Cache **query settings**:
- `enable_filesystem_cache` - allows to disable cache per query even if storage policy was configured with `cache` disk type. Default: `true`.
- `read_from_filesystem_cache_if_exists_otherwise_bypass_cache` - allows to use cache in query only if it already exists, otherwise query data will not be written to local cache storage. Default: `false`.
- `enable_filesystem_cache_on_write_operations` - turn on `write-through` cache. This setting works only if setting `cache_on_write_operations` in cache configuration is turned on.
- `enable_filesystem_cache_log` - turn on logging to `system.filesystem_cache_log` table. Gives a detailed view of cache usage per query. Default: `false`.
- `max_query_cache_size` - a limit for the cache size, which can be written to local cache storage. Requires enabled `enable_filesystem_query_cache_limit` in cache configuration. Default: `false`.
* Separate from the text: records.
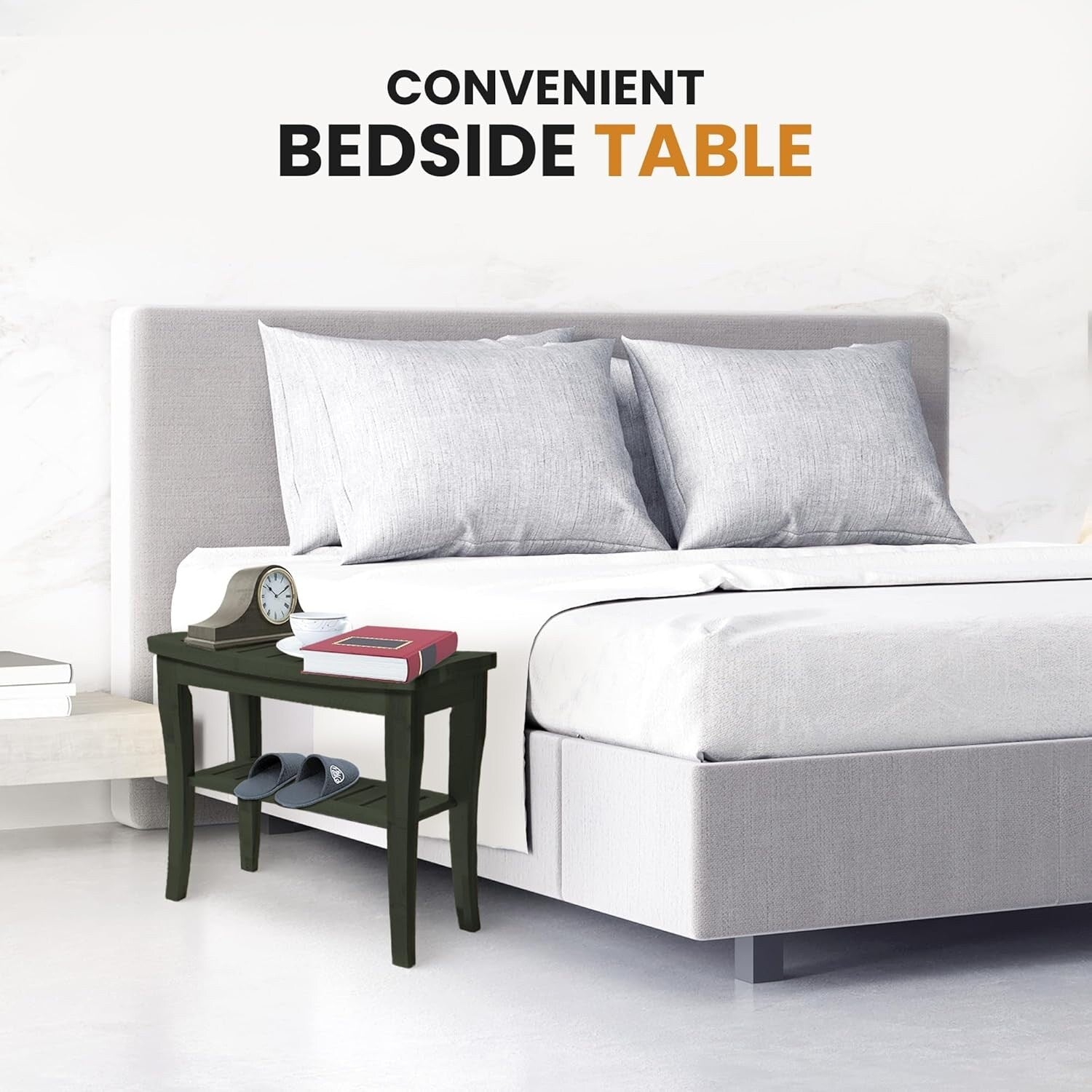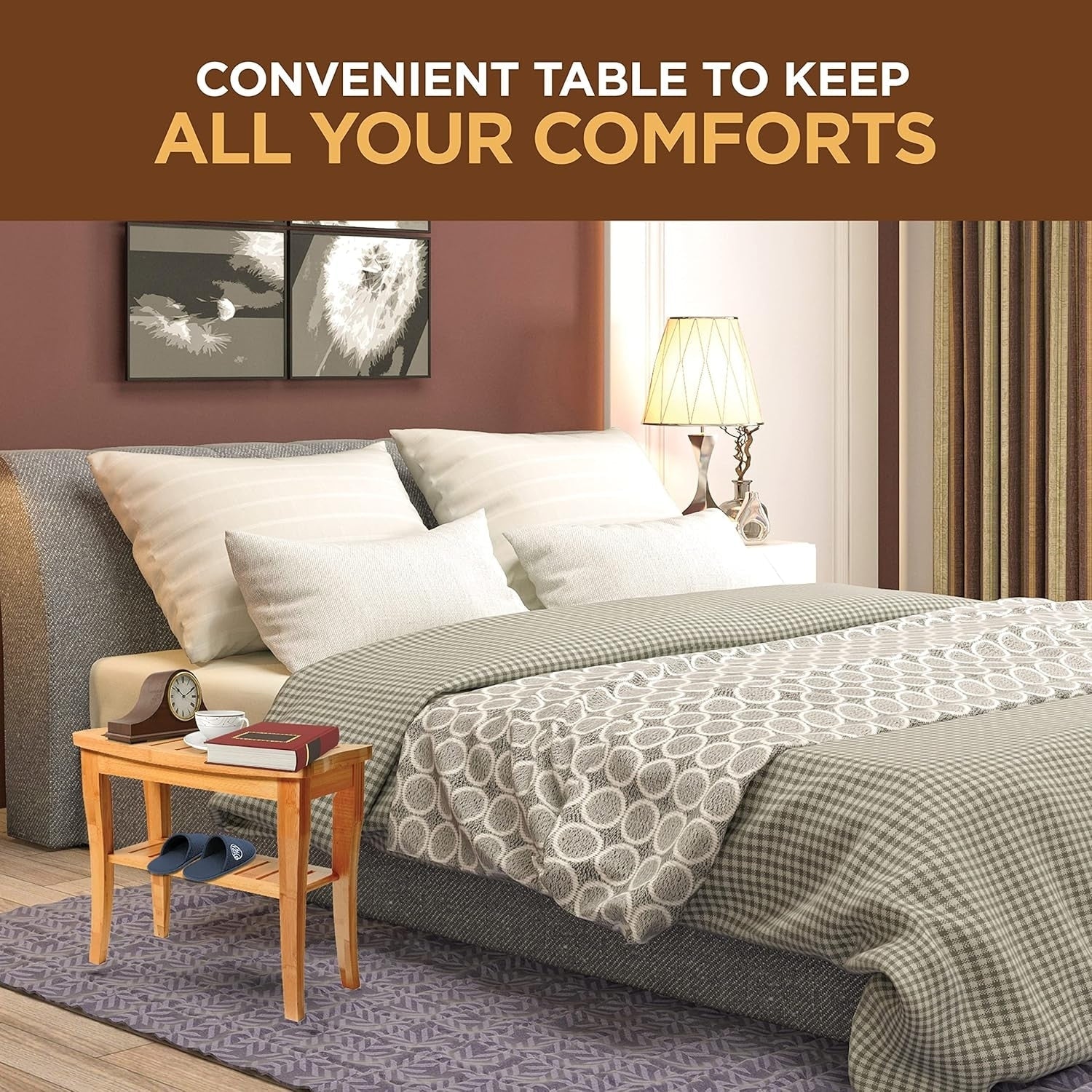 Bamboo Shower Bench Spa Stool - Wood 2-Tier Seat, Foot Rest Shaving Stool with Non-Slip Feet + Storage Shelf
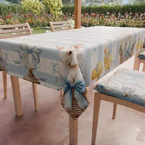 PETTI Artigiani Italiani - Nappe de Paques Anti-Taches carrée 140 x 140 cm, pour Table de Cuisine, White Bunny 29, X4 Places, 140x140 cm, 100% Made in Italy
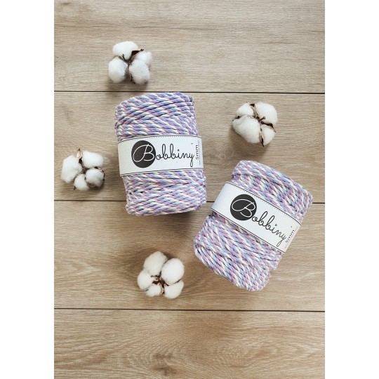 Este fio da Bobbiny é uma corda de algodão 3ply composta por 120 fios individuais divididos em 3 partes de (40cabos cada) e depois enrolados entre si. Esta estrutura resulta numa corda forte, fácil de trabalhar e de desfiar, permitindo obter franjas cheias e estruturadas. É perfeito para fazer decorações festivas, peças centrais e outros projetos decorativos.
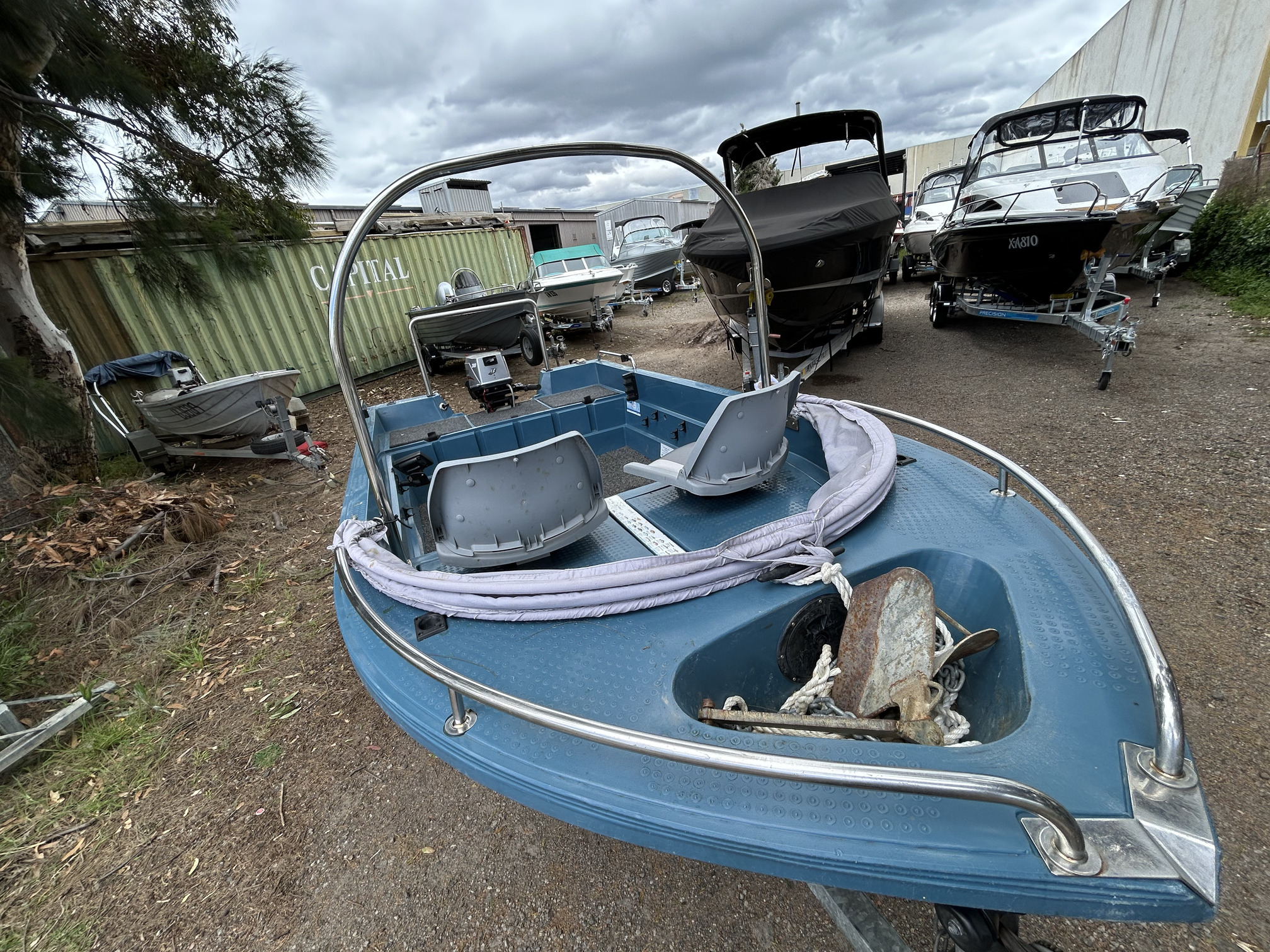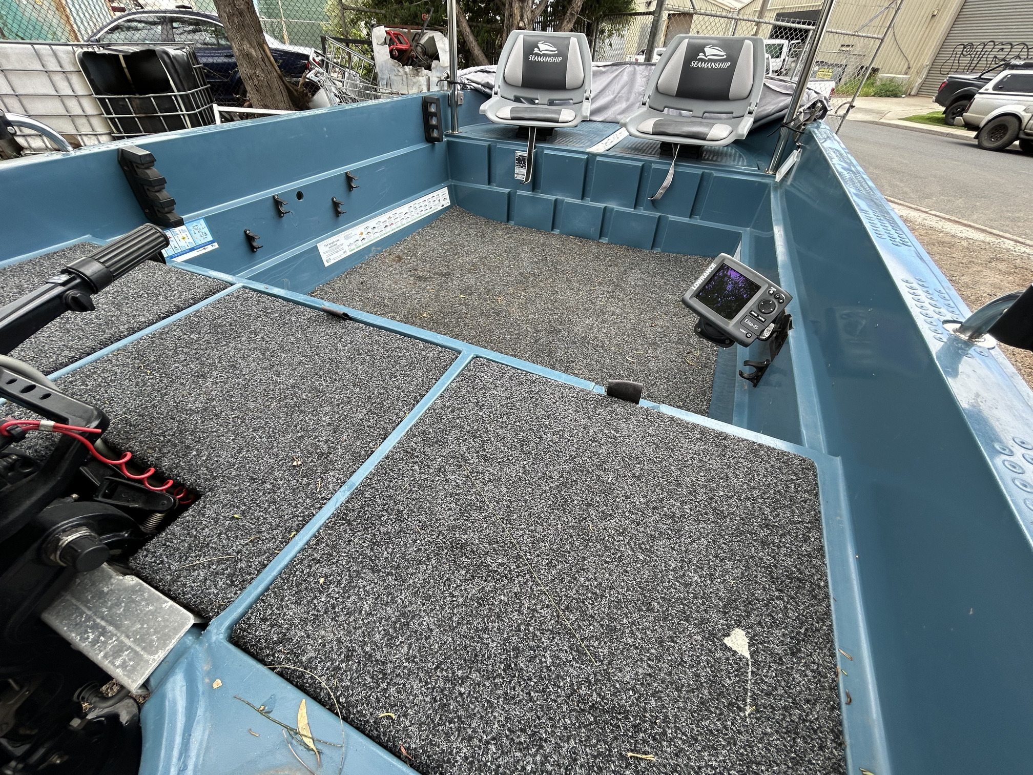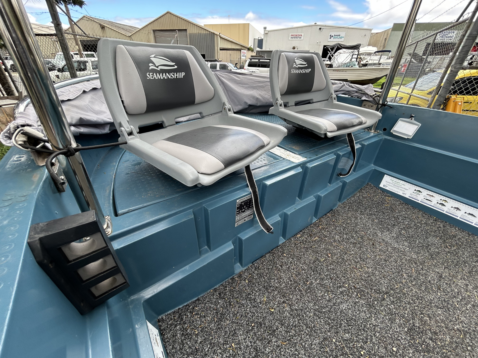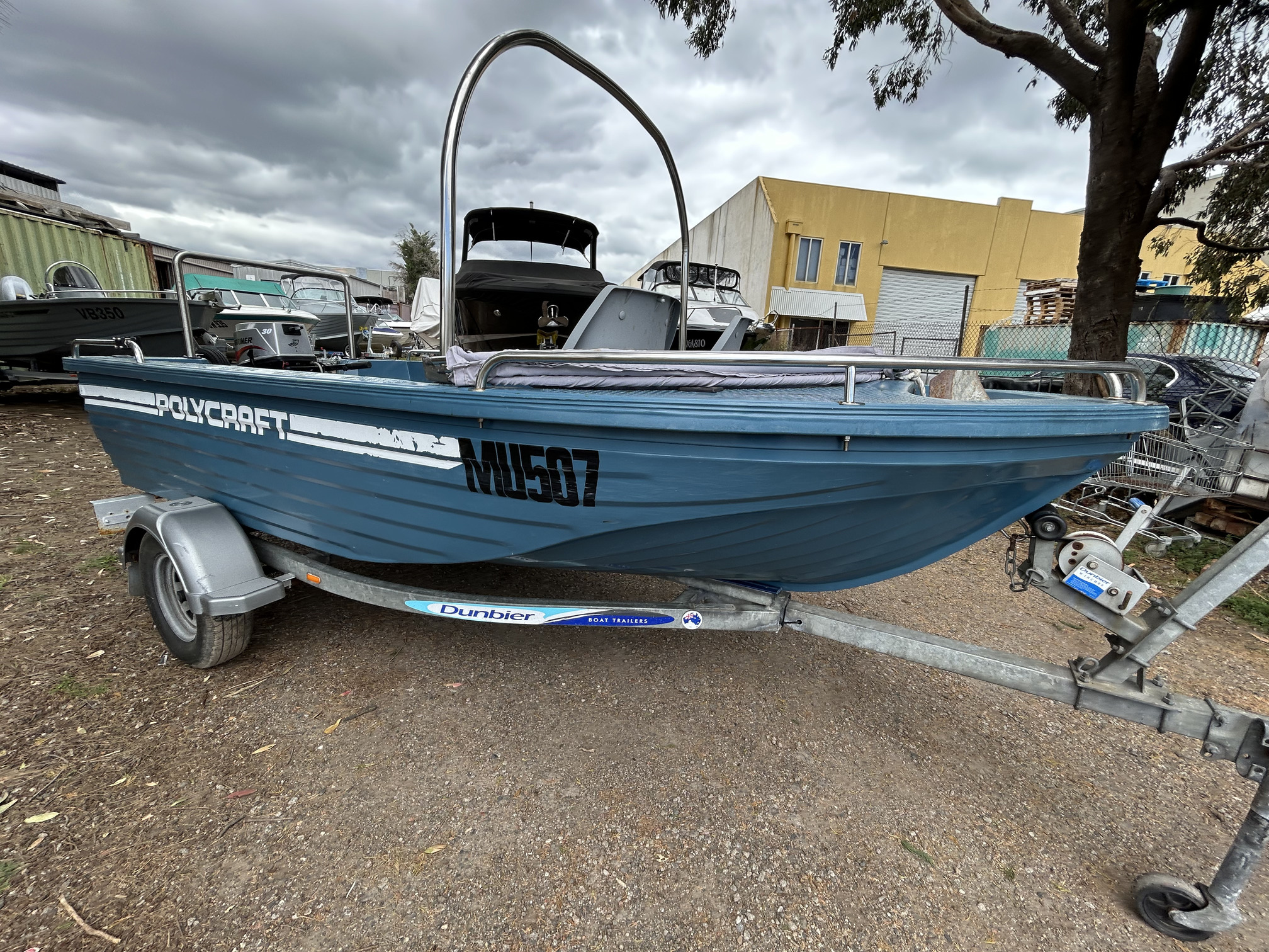 Polycraft 410 Challenger, 2010 model, open deck version, Mariner 30 HP outboard, Dunbier trailer, Lowrance Elite 5 GPS/sounder, marine floor carpet on main floor and rear seats, centre transom infil board, rear storage bait box, swim ladder, stainless frames for dodger and all over cover, rod holders, 2 x swivel seats mounted in bow – perfect to tuck under the dodger and get out of the sun or rain for a comfortable fish and more! These 410 Challengers are super stable and super easy to launch, garage, tow and handle. They are the perfect tributary boat that can tackle rougher bay conditions and they make a great first boat option, especially at this price.
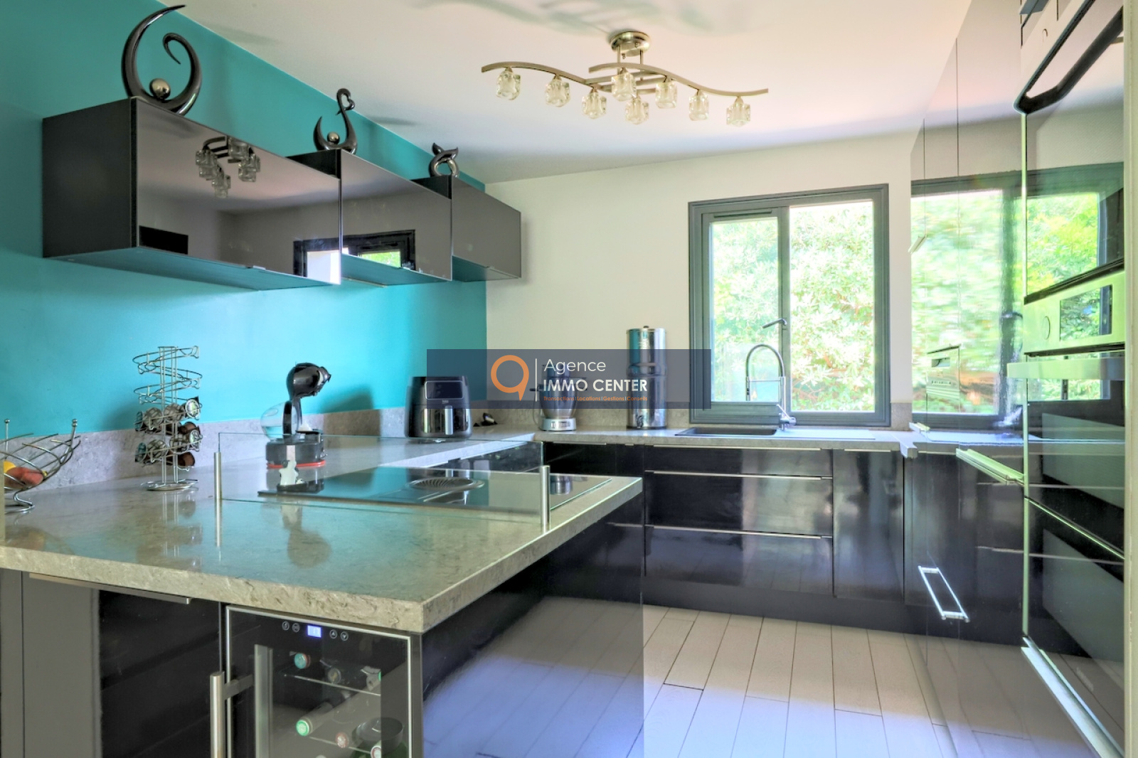 Une cuisine équipée haut de gamme, de style " contemporain " ouverte sur le séjour.
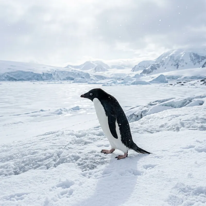 Capture of a penguin gracefully waddling on a vast, icy terrain bathed in shimmering white. The chill in the air is almost palpable as flurries of soft snow chill the scenery, the dark figure of the penguin standing out starkly against the expansive icy backdrop. The penguin's sleek black back and stark white belly create a vivid contrast, its tiny, bright eyes gleaming curiously. The frozen landscape, untouched and serene, wraps around this lovely creature, accentuating the simple elegance of its existence in such a harsh environment.
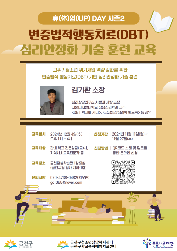 특히, 변증법적 행동치료를 기반으로 한 다양한 심리 안정화 기술을 실습 중심으로 교육해 참여자들이 현장에서 바로 활용할 수 있도록 지원할 예정이다.
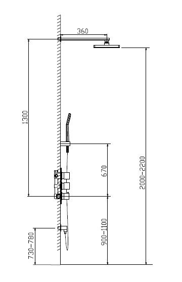 | Верхний душ, квадратный: | 230 x 230 мм |
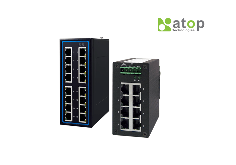Industrial Standard Unmanaged and Managed Ethernet Switches, Din Rail & Rack Mounted, DC Powerd 6~48 VDC (Atop). Warranty (5 Years).

- `skip_download_if_exceeds_query_cache` - allows to change the behaviour of setting `max_query_cache_size`. Default: `true`. If this setting is turned on and cache download limit during query was reached, no more cache will be downloaded to cache storage. If this setting is turned off and cache download limit during query was reached, cache will still be written by cost of evicting previously downloaded (within current query) data, e.g. second behaviour allows to preserve `last recentltly used` behaviour while keeping query cache limit.
** Warning **
Cache configuration settings and cache query settings correspond to the latest ClickHouse version, for earlier versions something might not be supported.
Cache **system tables**:
- `system.filesystem_cache` - system tables which shows current state of cache.
- `system.filesystem_cache_log` - system table which shows detailed cache usage per query. Requires `enable_filesystem_cache_log` setting to be `true`.
Cache **commands**:
- `SYSTEM DROP FILESYSTEM CACHE (<path>) (ON CLUSTER)`
- `SHOW CACHES` -- show list of caches which were configured on the server.
- `DESCRIBE CACHE '<cache_name>'` - show cache configuration and some general statistics for a specific cache. Cache name can be taken from `SHOW CACHES` command.
Cache current metrics:
- `FilesystemCacheSize`
- `FilesystemCacheElements`
Cache asynchronous metrics:
- `FilesystemCacheBytes`
- `FilesystemCacheFiles`
Cache profile events:
- `CachedReadBufferReadFromSourceBytes`, `CachedReadBufferReadFromCacheBytes,`
- `CachedReadBufferReadFromSourceMicroseconds`, `CachedReadBufferReadFromCacheMicroseconds`
- `CachedReadBufferCacheWriteBytes`, `CachedReadBufferCacheWriteMicroseconds`
- `CachedWriteBufferCacheWriteBytes`, `CachedWriteBufferCacheWriteMicroseconds`
## Storing Data on Web Server {#storing-data-on-webserver}
There is a tool `clickhouse-static-files-uploader`, which prepares a data directory for a given table (`SELECT data_paths FROM system.tables WHERE name = 'table_name'`). For each table you need, you get a directory of files. These files can be uploaded to, for example, a web server with static files. After this preparation, you can load this table into any ClickHouse server via `DiskWeb`.